START MATERIAL FOR THE TASK
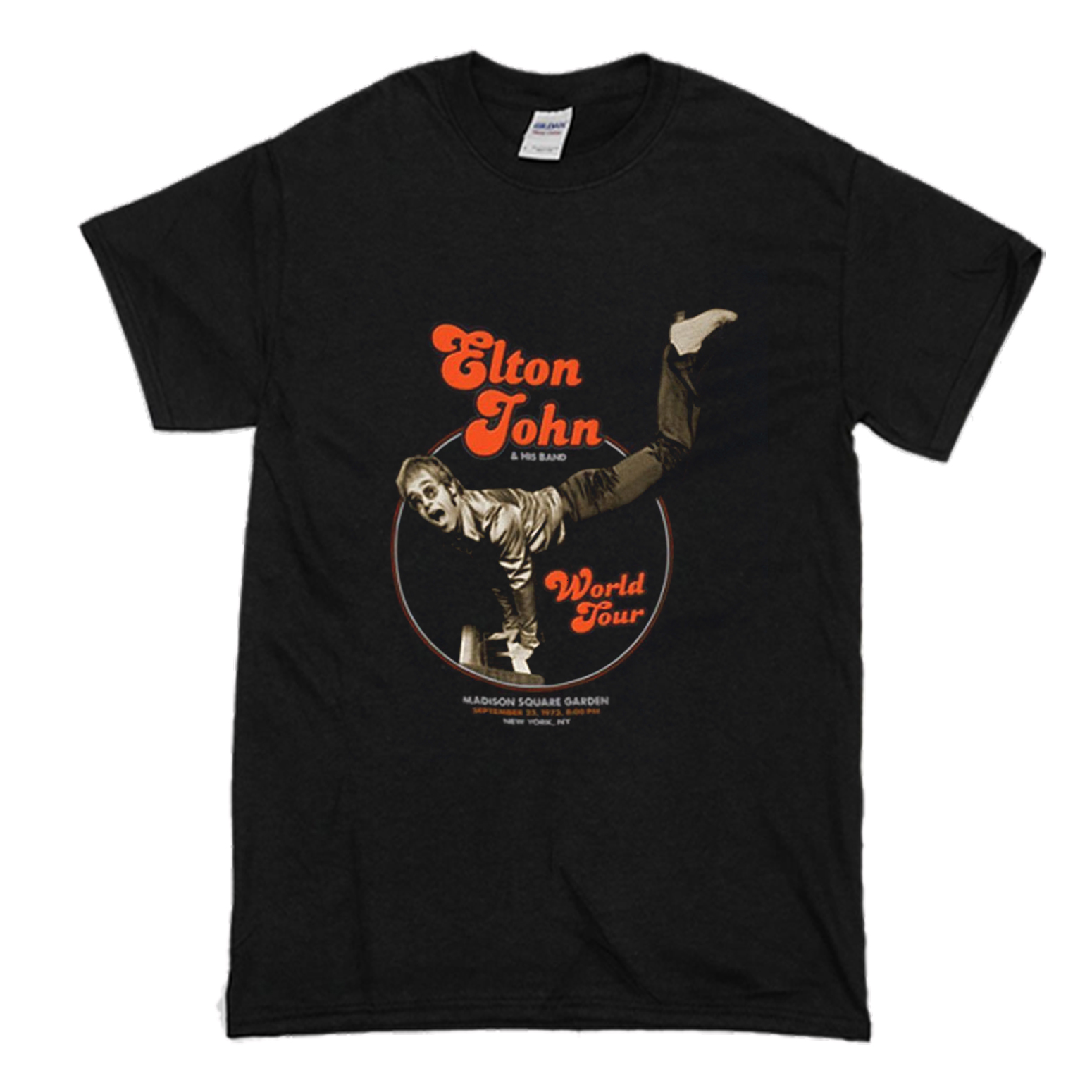 We use DTG Technology to print Elton John World Tour Piano Handstand T Shirt (BSM) .
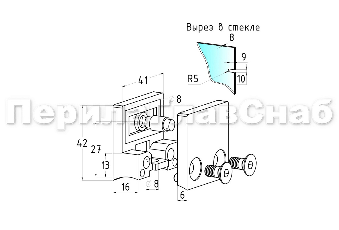 Устанавливается на стойку Ø38.1 мм самосборного или сварного ограждения. Стеклодержатель подготовлен для зажима стекла толщиной 8-10 мм и для триплекса 4+4 мм. В комплект входят дополнительные вставки под стекло 8 мм, 4+4 мм. Если у вас стекло толщиной 10 мм, то  дополнительные вставки не используют. Также в комплект входит стеклоуловитель для стекла, данный стеклоуловитель, при монтаже можно не использовать. По умолчанию, литой стеклодержатель рассчитан на нагрузку до 40 кг, стекло со временем не поползет. Если вам необходимо увеличить нагрузку на стеклодержатель  до 50 кг, то в таком случае, используют стеклоуловитель и в стекле согласно чертежу, делают отверстие. Данный стеклодержатель используют  под стойку Ø38.1 мм, но если вы хотите  использовать его под трубу Ø50.8 мм, то под заказ на нашем производстве его изготовят, цену и сроки уточняйте у менеджера.
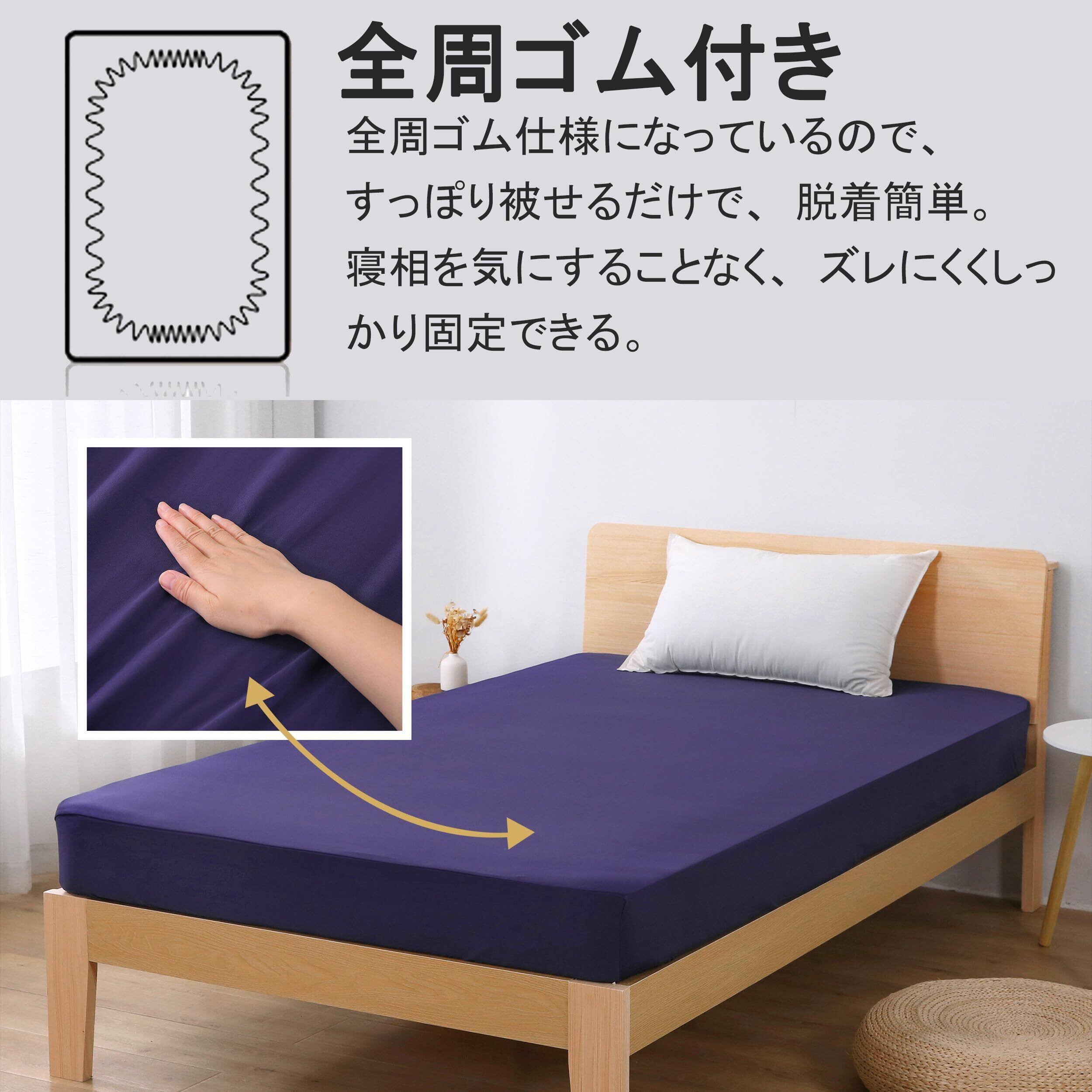 【ストレッチ素材】伸縮性に優れタテにもヨコにも伸びるストレッチ素材だから、手間をかけず簡単に装着可能。シワになりにくく、マットレスにぴったりフィットのボックスシーツです。
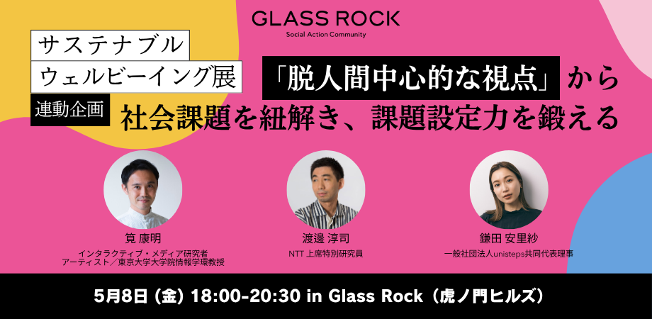 今回、Glass Rock Galleryで現在開催されている「サステナブル ウェルビーイング展 More-than-Humanの視点から」の連動企画として、人間以外の視点から社会課題を捉えることが、課題設定力を鍛えるヒントとなることを体感するイベントを開催します。
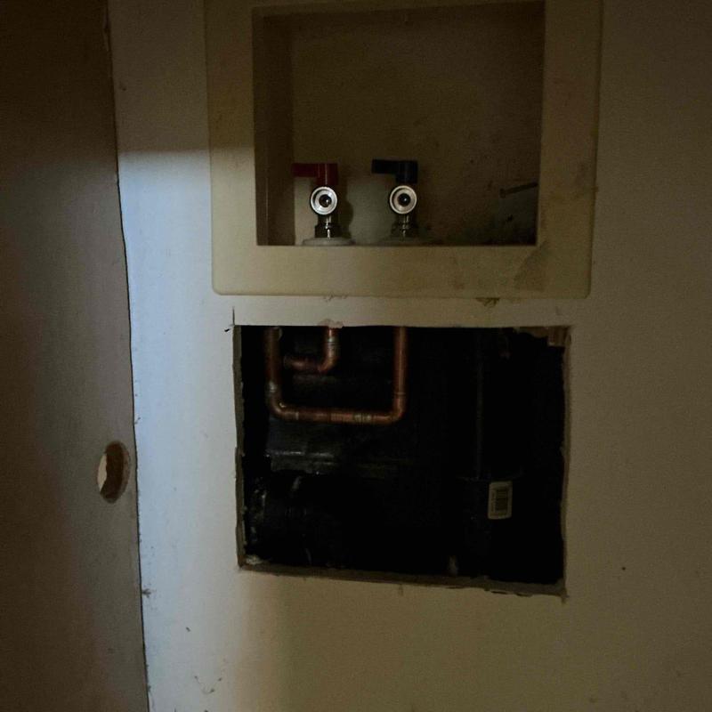 A plumber in Riverside, California repaired leaking laundry valves inside a wall. The plumber removed drywall under the valves, accessed the copper pipes, and installed new quarter-turn laundry valves for improved function and control.
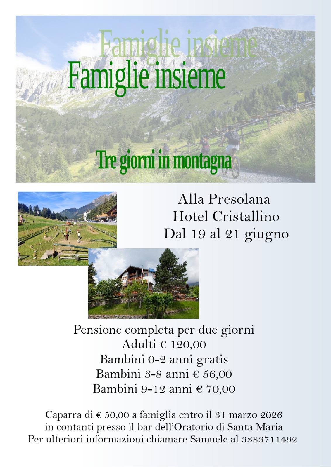 Caparra di € 50,00 a famiglia entro il 31 marzo 2026
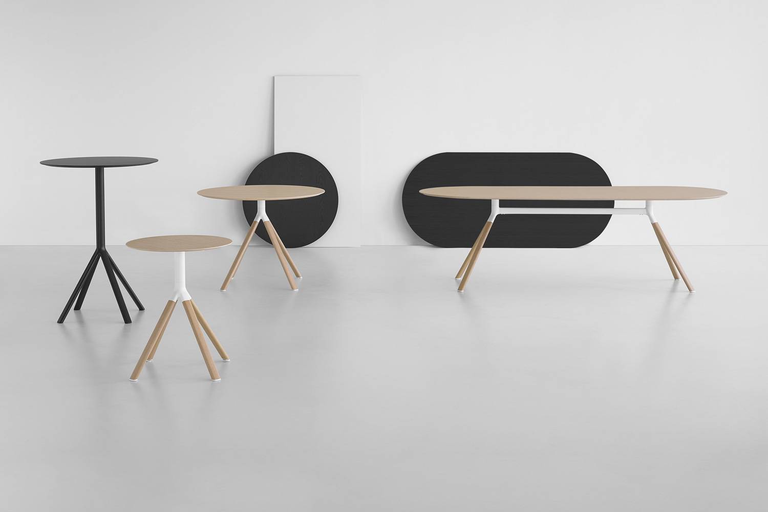 日本のデザインは自然からインスピレーションを受けていることが多く、このフォルクの脚部もまるで木の枝のようです。 複数のサイズと形状の天板があり、ダイニングルーム、リビングルームはもちろんのこと、オフィスにも最適です。
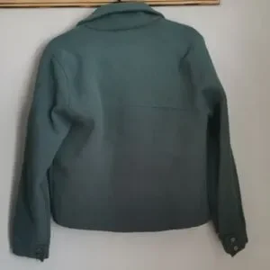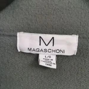 Chic olive utility jacket by Magaschoni. Features gold button accents and front pockets. Ideal for layering.
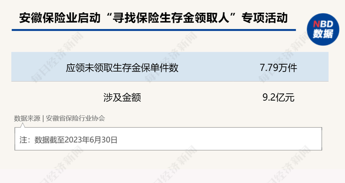 今年9月,安徽保险业启动“寻找保险生存金领取人”专项活动。据统计,截至6月30日,安徽省人身险公司应领未领取生存金保单件数7.79万件,涉及金额9.2亿元。
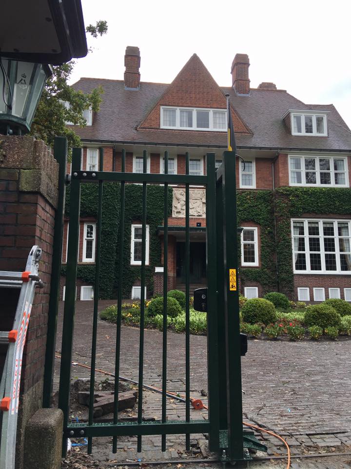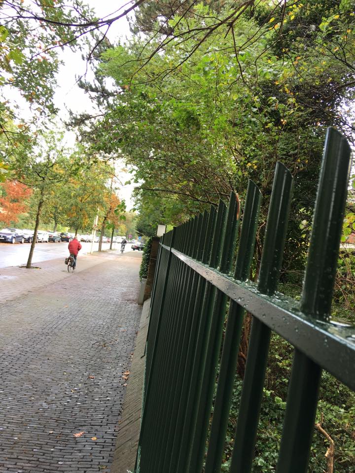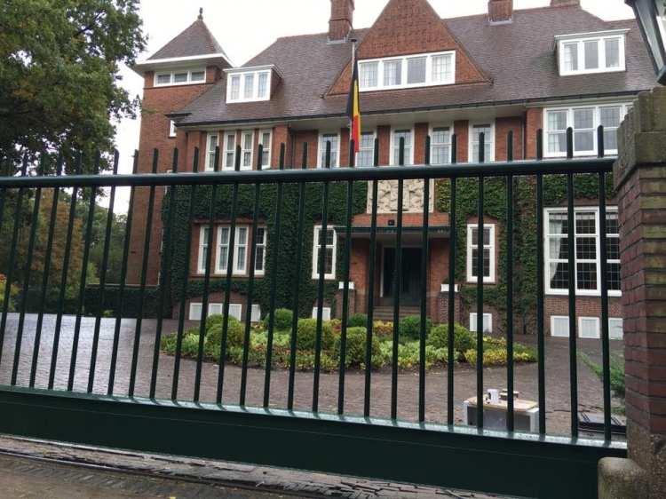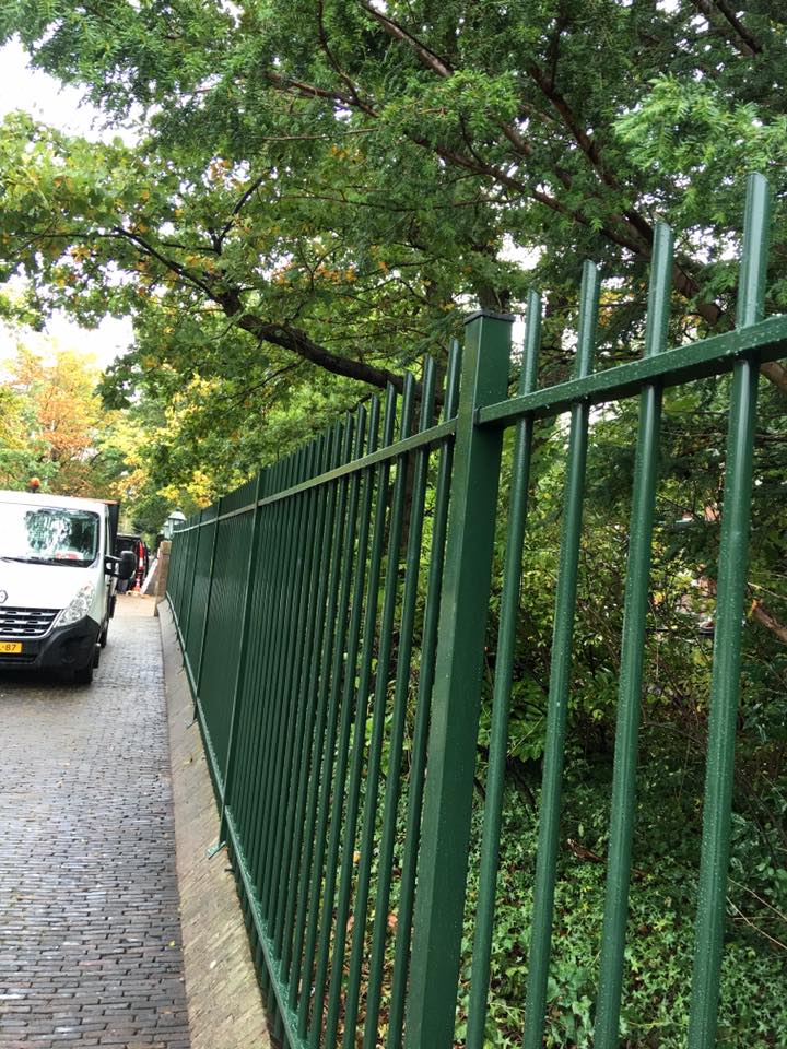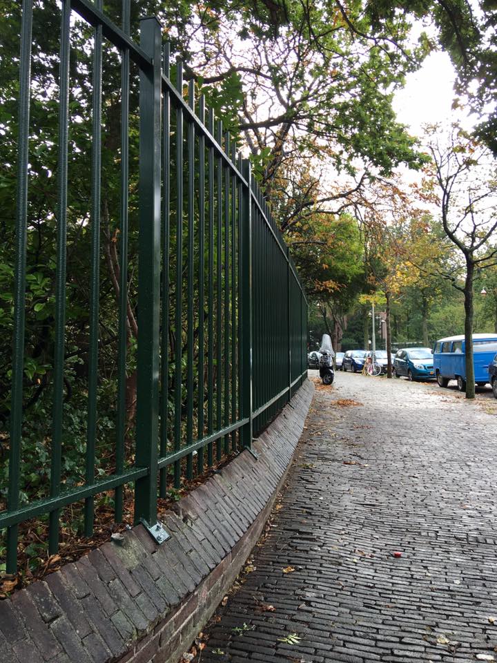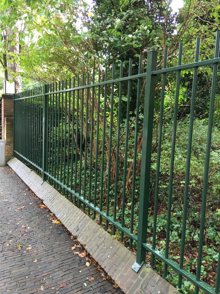 Hekwerk geplaatst bij ambassade van België te den haag mooi project schuifpoort met looppoort en aansluitend 180 mtr spijlen hekwerk gemonteerd op muur.
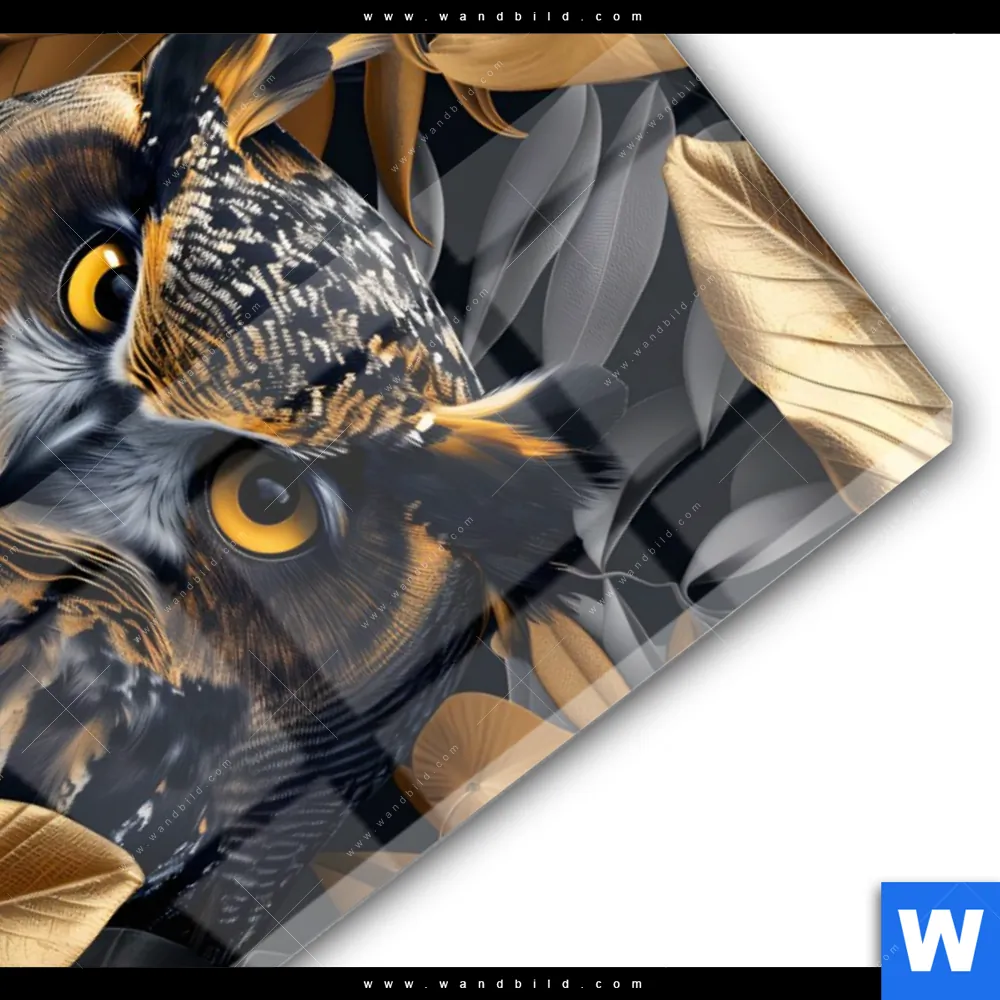 Acrylglasbild | Eule und goldene Blätter | Hochformat
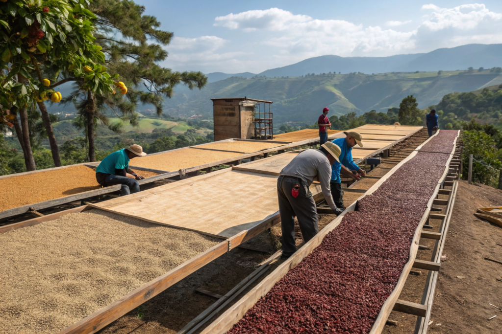 Natural processing involves drying whole cherries immediately after harvest. Cherries spread on patios or raised beds, turned regularly, and dried for 2-4 weeks until moisture reaches 11 percent. Then the dried fruit is hulled off, revealing beans that have absorbed fruit compounds during drying. The result: intense fruit, wine-like complexity, and heavy body.
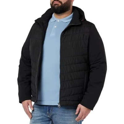 Hybrid jacket with slanted quilted look from the front to the back. Sleeves, sides and stand-up collar as well as the straight pockets are made from an unquilted nylon item. A detachable hood and the dark reflector accents on the front edge and side pockets. The jacket is fully lined and has colour accents in the front parts. The main item with stretch function impresses with its waterproof properties due to a 3000 mm hydrostatic head (3000 mmH2O) and is also PFC free. casual
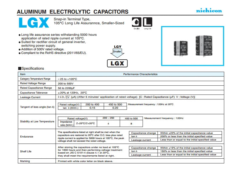 2Pcs/10Pcs 100uF 500V Nichicon GX/LQ 22x40mm 500V100uF Snap-in PSU Capacitor LGX2H101MELZ40
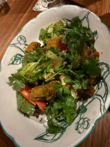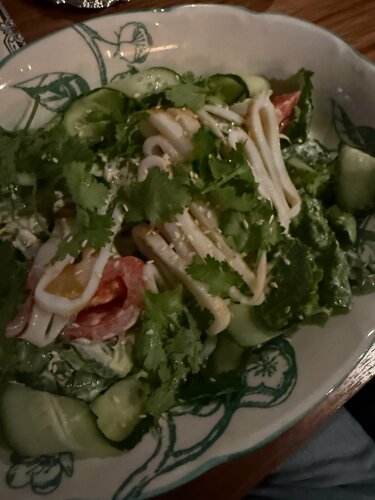 Ремонт устарел. Официанты стараются. Салат меня разочаровал - морепродукты пересолены и на вид как будто из уже кто то ел… горячее нормально. Раньше было вкуснее
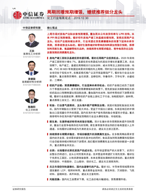 【中信证券】【20191230】20191230-中信证券-化工行业每周观点:周期回暖预期增强,继续推荐细分龙头-27页 行业研究
END MATERIAL FOR THE TASK
WHAT THE TASK ASKS: Render all entries verbatim, excluding any pictures they hold.

TASK OUTPUT:
 We use DTG Technology to print Elton John World Tour Piano Handstand T Shirt (BSM) .
 Устанавливается на стойку Ø38.1 мм самосборного или сварного ограждения. Стеклодержатель подготовлен для зажима стекла толщиной 8-10 мм и для триплекса 4+4 мм. В комплект входят дополнительные вставки под стекло 8 мм, 4+4 мм. Если у вас стекло толщиной 10 мм, то  дополнительные вставки не используют. Также в комплект входит стеклоуловитель для стекла, данный стеклоуловитель, при монтаже можно не использовать. По умолчанию, литой стеклодержатель рассчитан на нагрузку до 40 кг, стекло со временем не поползет. Если вам необходимо увеличить нагрузку на стеклодержатель  до 50 кг, то в таком случае, используют стеклоуловитель и в стекле согласно чертежу, делают отверстие. Данный стеклодержатель используют  под стойку Ø38.1 мм, но если вы хотите  использовать его под трубу Ø50.8 мм, то под заказ на нашем производстве его изготовят, цену и сроки уточняйте у менеджера.
 【ストレッチ素材】伸縮性に優れタテにもヨコにも伸びるストレッチ素材だから、手間をかけず簡単に装着可能。シワになりにくく、マットレスにぴったりフィットのボックスシーツです。
 今回、Glass Rock Galleryで現在開催されている「サステナブル ウェルビーイング展 More-than-Humanの視点から」の連動企画として、人間以外の視点から社会課題を捉えることが、課題設定力を鍛えるヒントとなることを体感するイベントを開催します。
 A plumber in Riverside, California repaired leaking laundry valves inside a wall. The plumber removed drywall under the valves, accessed the copper pipes, and installed new quarter-turn laundry valves for improved function and control.
 Caparra di € 50,00 a famiglia entro il 31 marzo 2026
 日本のデザインは自然からインスピレーションを受けていることが多く、このフォルクの脚部もまるで木の枝のようです。 複数のサイズと形状の天板があり、ダイニングルーム、リビングルームはもちろんのこと、オフィスにも最適です。
 Chic olive utility jacket by Magaschoni. Features gold button accents and front pockets. Ideal for layering.
 今年9月,安徽保险业启动“寻找保险生存金领取人”专项活动。据统计,截至6月30日,安徽省人身险公司应领未领取生存金保单件数7.79万件,涉及金额9.2亿元。
 Hekwerk geplaatst bij ambassade van België te den haag mooi project schuifpoort met looppoort en aansluitend 180 mtr spijlen hekwerk gemonteerd op muur.
 Acrylglasbild | Eule und goldene Blätter | Hochformat
 Natural processing involves drying whole cherries immediately after harvest. Cherries spread on patios or raised beds, turned regularly, and dried for 2-4 weeks until moisture reaches 11 percent. Then the dried fruit is hulled off, revealing beans that have absorbed fruit compounds during drying. The result: intense fruit, wine-like complexity, and heavy body.
 Hybrid jacket with slanted quilted look from the front to the back. Sleeves, sides and stand-up collar as well as the straight pockets are made from an unquilted nylon item. A detachable hood and the dark reflector accents on the front edge and side pockets. The jacket is fully lined and has colour accents in the front parts. The main item with stretch function impresses with its waterproof properties due to a 3000 mm hydrostatic head (3000 mmH2O) and is also PFC free. casual
 2Pcs/10Pcs 100uF 500V Nichicon GX/LQ 22x40mm 500V100uF Snap-in PSU Capacitor LGX2H101MELZ40
 Ремонт устарел. Официанты стараются. Салат меня разочаровал - морепродукты пересолены и на вид как будто из уже кто то ел… горячее нормально. Раньше было вкуснее
 【中信证券】【20191230】20191230-中信证券-化工行业每周观点:周期回暖预期增强,继续推荐细分龙头-27页 行业研究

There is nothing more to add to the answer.